Customer journey: When did this customer move from "prospect" to "active," and what triggered it?
Compliance & audit: What was the exact state of this record on a specific date?
Trend detection: Are inventory levels at this location trending down over time?

These aren't edge cases. They come up constantly in finance, operations, and any team running reports that compare time periods. SCD is a foundational concept in dimensional modeling (the Kimball methodology) and applies to every major data warehouse -- BigQuery, Snowflake, Redshift, and Databricks included.

SCD Types Explained

There are several SCD types, each making a different trade-off between simplicity, storage cost, and how much history you actually keep. Let's walk through them.

SCD Type 1 -- Overwrite (No History)

This is the default behavior in most databases: when a value changes, you overwrite it in place. Simple. Fast. And the old value is permanently gone.

Before the change:

customer_id	name	city
101	Alice	NY

After Alice moves to SF:

customer_id	name	city
101	Alice	SF

NY is gone forever. There's no record that Alice ever lived there.

This is fine for correcting typos or updating non-critical fields. But if the attribute matters for reporting -- say, you're segmenting revenue by customer location -- overwriting it will silently distort your historical numbers.

Use SCD Type 1 when:

You're fixing data-entry errors
The attribute genuinely doesn't matter historically
Storage and simplicity are top priorities

SCD Type 2 -- Row Versioning (Full History)

This is the most widely used SCD approach, and for good reason. Each time a value changes, a new row is added with timestamps marking when that version was valid. The old row stays untouched.

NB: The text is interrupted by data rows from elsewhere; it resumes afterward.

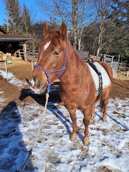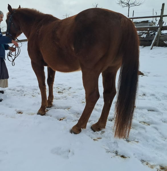 Wir suchen für unseren, nervenstarken ,kompakten bald 6 jährigen Quarter-Horse Hengst ein neues, verstänisvolles Zuhause. Goldi, so nennen wir den Hübschen, war bisher im Deckeinsatz. Er kennt noch nicht sehr viel. Somit ist Goldi noch nicht geritten. Ist jedoch Verladefromm und man kann mit ihm problemlos alleine spazieren gehen. Hierbei ist Goldi total unerschrocken und gerne eifrig unterwegs. Er kann auch mal alleine zuhause warten. Kennt inzwischen das Sattelpad mit Longiergurt und hat das schnell akzeptiert, auch daß man sich über seinen Rücken lehnt. Im allgemeinen scheint er schnell zu lernen. Er ist noch sehr verspielt und braucht klare Grenzen. Goldi ist eigentlich sehr sozial, er toleriert unseren Wallach neben sich und frisst mit ihm auch aus der selben Futterkiste, trotz einer Stut daneben. Er braucht nur einen einfachen Zaun dazwischen. Absolut zaunsicher ,man könnte ihn sogar mit einer Schnur einzäunen ohne Strom. Bei uns lebt er im Offenstall mit großem Auslauf und ganz großen Weiden. Das sollte auch im neuen Zuhause gegeben sein, wenigstens der Offenstall mit großem Auslauf. Zuhause ist Goldi im schönen Südschwarzwald. Was noch zu erwähnen ist, Goldi hat noch keine Papiere, seine Eltern jedoch sind eingetragen bei der AQHA und wir haben beim Züchter um den Antrag für die Abstammungs Papiere für Goldi, angefragt. Nun freuen wir uns auf freundliche, ernstgemeinte Anfragen. Herzliche Grüße und bis bald.
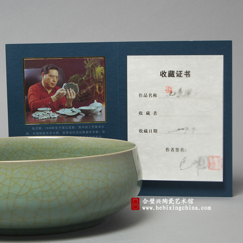 毛正聪从事青瓷艺术研究60多年,作品在继承传统工艺基础上大胆创新,造型简洁大方、典雅大气、釉层丰满,温润如玉。哥窑象形开片千奇百态,既象非象,别具一格,创当代青瓷最高境界。作为越系青瓷技艺史海钩沉的大家,毛正聪大师已致力恢复了仿官釉、鱼籽纹等多项失传技艺,为中国陶瓷事业继往开来做出了卓越贡献。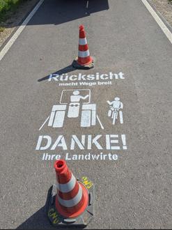 Kommen sich auf einem Weg Radfahrer und Traktorfahrer entgegen, wird es schnell eng. Moderne landwirtschaftliche Maschinen sind oft breit und haben auf schmalen Wegen kaum Ausweichmöglichkeiten.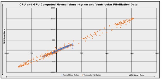 This observation will lead to solving many arising problems and helps find easy solutions for medical professionals. Any detections can easily be observed using the GPU-computed signal rather than using a CPU [,,]. In Figure 17, we applied the raw data to the CPU and GPU simultaneously to see how fast the prediction and analysis were and also how clean the signals were; we concluded that the GPU was 132.20 times faster than the CPU. In Figure 17, we see that the GPU signal has already computed the raw data while the CPU is still computing. The major core reason for the time delay here is because of the 3-point and 5-point median filtering. The 3-point filtering is the best performance a CPU can obtain because, if it is more than 3-point (such as 5-point), then the loops have to store the array data repeatedly and move the window continuously, which will consume time while losing data based on environmental conditions or improper computation. Conversely, in GPU, the best performance can still reach up to 8-point but, for these scenarios, 5-point was the best method because the window moves continuously for all the threads in a block, synchronizing the threads. Nevertheless, the zero crossing algorithm behaves similarly for both CPU and GPU but the GPU again outperforms the CPU for signal differentiation and DFS for prediction of diseases and conditions. In Figure 18, we made use of the Physionet data available to show how a normal sinus rhythm and Ventricular Fibrillation look, because ventricular condition data cannot be collected from patients, since this situation is extreme and the person is under emergency care, due to their high heart rate and possibility they may soon die or end up in cardiac arrest. These signs and predictions in early stages can clearly be predicted using the GPU, COMMA-Z, signal differentiation and DFS algorithm, which similarly predict other diseases and conditions as well. The below signal is an ECG from Physionet but the behavior is similar for PPG because Ventricular Fibrillation has no rhythm and a chaotic signal with very high heart rate. The signal differentiation and DFS method can easily predict in real-time when computed on a GPU.

customer_id	city	valid_from	valid_to	is_current
101	NY	2022-01-01	2024-03-15	false
101	SF	2024-03-15	9999-12-31	true

Now you can answer both questions:

"Where did customer 101 live on 2023-06-01?" -- NY (the row where valid_from <= 2023-06-01 < valid_to)
"Where do they live now?" -- SF (where is_current = true)

The trade-off is that your table grows over time. For dimensions with millions of rows and frequent changes, this row bloat can start to impact query performance. But for most use cases, it's the gold standard.

Use SCD Type 2 when:

You need full audit trails or compliance reporting
You're doing time-series analysis on dimension attributes
Anyone on your team might need to "go back in time"

SCD Type 3 -- Previous Value Column (Limited History)

Instead of adding rows, SCD Type 3 adds columns. You keep the current value and the previous value side by side.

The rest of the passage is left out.